A dozen questions nagged to get out, but none of them seemed right. Cloe put out her hand and touched her phone to turn off the voice recorder. “Sonny?”
He raised his eyes to her face.
“You don’t seem too happy about spending the rest of your life in quiet contemplation. Maybe you think you won’t have to do it for very long.”
He looked away and didn’t answer. The dreadful truth hit her like a ton of bricks. She stared at him with her mouth open. She couldn’t form the words. “You—you’re...”
He glanced down at the phone. “It’s turned off, isn’t it?”
She nodded.
“Don’t tell anybody, okay? Don’t put it
in your newspaper. If you care at all about me, don’t say anything to anyone.”
She leaned across the table. “How long have you known? Did the doctors tell you?”
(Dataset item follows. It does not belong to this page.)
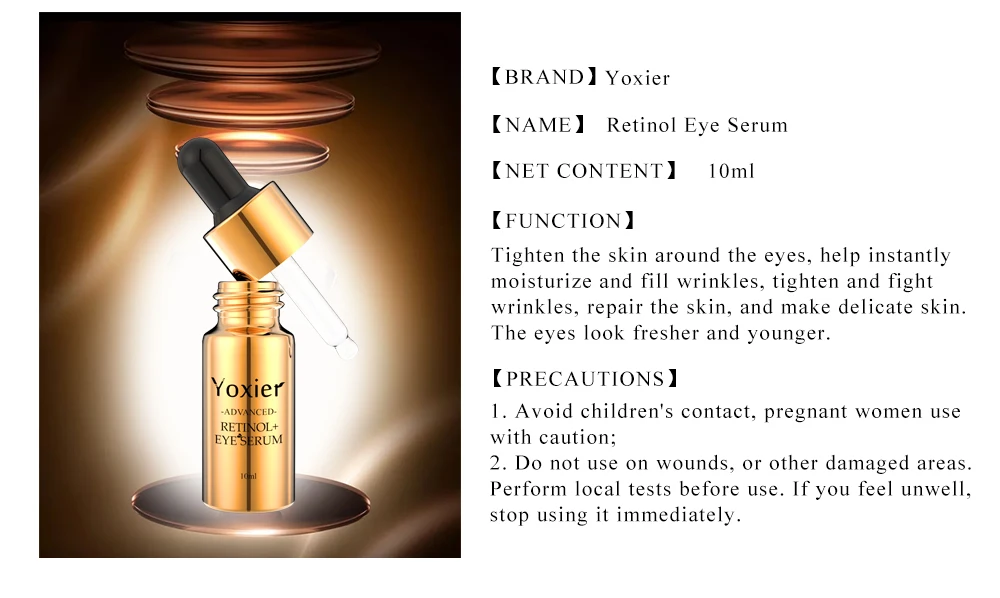 【Brand】 yoxier【Name】Retinol глаз Сыворотки【Net content】 10 мл【Function】 подтяните кожу вокруг глаз, мгновенно Увлажняйте и заполняйте морщины, затягивайте и Боритесь с морщинами, восстанавливайте кожу и создавайте нежную кожу. Глаза выглядят свежее и моложе. 【Precau】 】 1. Избегайте контакта с детьми, беременным женщинам следует с осторожностью;2. Не используйте на ранах или других поврежденных местах. Перед использованием выполняйте местные тесты. Если вы чувствуете себя плохо, прекратите использовать его немедленно.
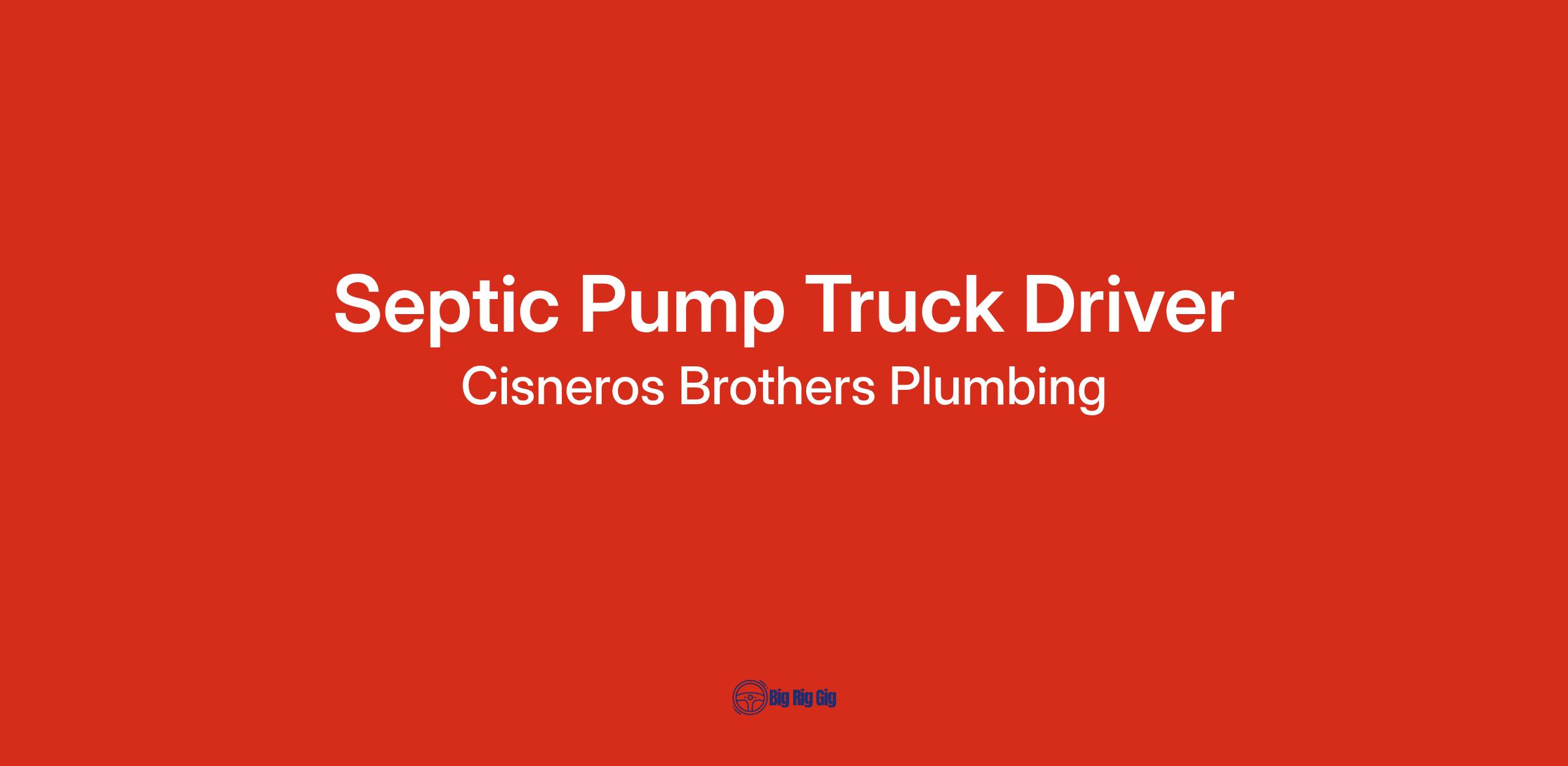 Cisneros Brothers Home Services is a locally owned and operated plumbing company seeking a reliable and safety-conscious Septic Pump Truck Driver to join our growing team.

He lowered his eyes and nodded. “They all say the same thing. I have a tangle of blood vessels in my brain, right over my brain stem. The headaches come from my heart trying to force blood through this tangle into the rest of my brain. One of these days, it won’t be able to get through, and the whole thing will blow. I’ll be dead in a matter of seconds. Until that happens, the headaches will get worse and worse, and there’s not a single thing anybody can do about it. If they tried to operate, I would be toast.”
Cloe’s eyes refused to blink. Sonny’s face wobbled in front of her. In the middle of this explanation, the puffy tissue surrounding his cheekbones and eyebrows flashed out of view. She found herself looking at the Sonny McCain she saw in press release photos. His high angular features stood out crisp, clear and sharp, with no pockets of bloody bruising to disfigure him.
Just for an instant, she considered scooping the sports world with this priceless tidbit. She’d be on top of her paper staff after blowing the lid off this one. Her editor would go into spasms, and her colleagues would turn green with envy.
The next minute, she knew she couldn’t do that. Beyond the simple integrity of giving him her word she wouldn’t tell, she didn’t want to. How could she destroy the last few months or years of a man’s life by revealing his secret to an adoring fan base? They would never leave him alone. They would flock around him to receive his last dying pearls of wisdom. They would hound him around the country in his campervan. He would never get a moment’s quiet contemplation— ever.
He flexed his fingers open and shut. “So now you know. Do you want to turn your recorder on again?”